─── Data extract

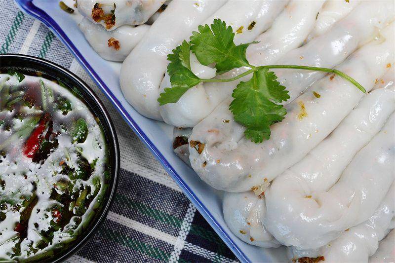 河口的卷筒绝对是红河人夏日解暑的常见美食!薄薄的粉皮里包进酸菜肉末、芹菜肉末、葱花肉末、香菇肉末等各种炒好的馅料,放在秘制的酸辣蘸料里滚一滚,送入口中,馅料里浸满了酸辣适中的蘸料,超满足!
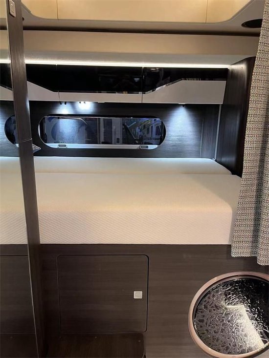 休息区位于车厢的尾部,床位非常宽敞,可以轻松地容纳两个成年人睡卧。床位的后侧和旁侧配有外推窗,保证了床位处的空气的流通,以及良好的采光性。上方则是储物吊柜,方便日常衣物的存放。顶部配有照明灯,灯光柔软明亮,满足夜间照明的需要。
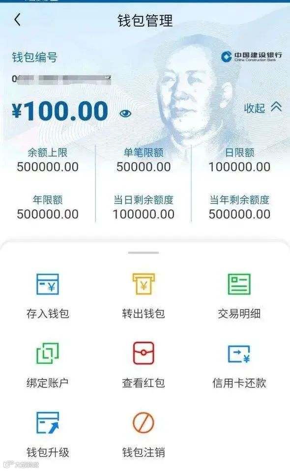 开通后钱包管理页面显示,用户可以直接通过建行账户将资金充入钱包。

──────

**Exercise**
Exclude the pictures and print the rest of the data exactly.

**Problem solution**
 河口的卷筒绝对是红河人夏日解暑的常见美食!薄薄的粉皮里包进酸菜肉末、芹菜肉末、葱花肉末、香菇肉末等各种炒好的馅料,放在秘制的酸辣蘸料里滚一滚,送入口中,馅料里浸满了酸辣适中的蘸料,超满足!
 休息区位于车厢的尾部,床位非常宽敞,可以轻松地容纳两个成年人睡卧。床位的后侧和旁侧配有外推窗,保证了床位处的空气的流通,以及良好的采光性。上方则是储物吊柜,方便日常衣物的存放。顶部配有照明灯,灯光柔软明亮,满足夜间照明的需要。
 开通后钱包管理页面显示,用户可以直接通过建行账户将资金充入钱包。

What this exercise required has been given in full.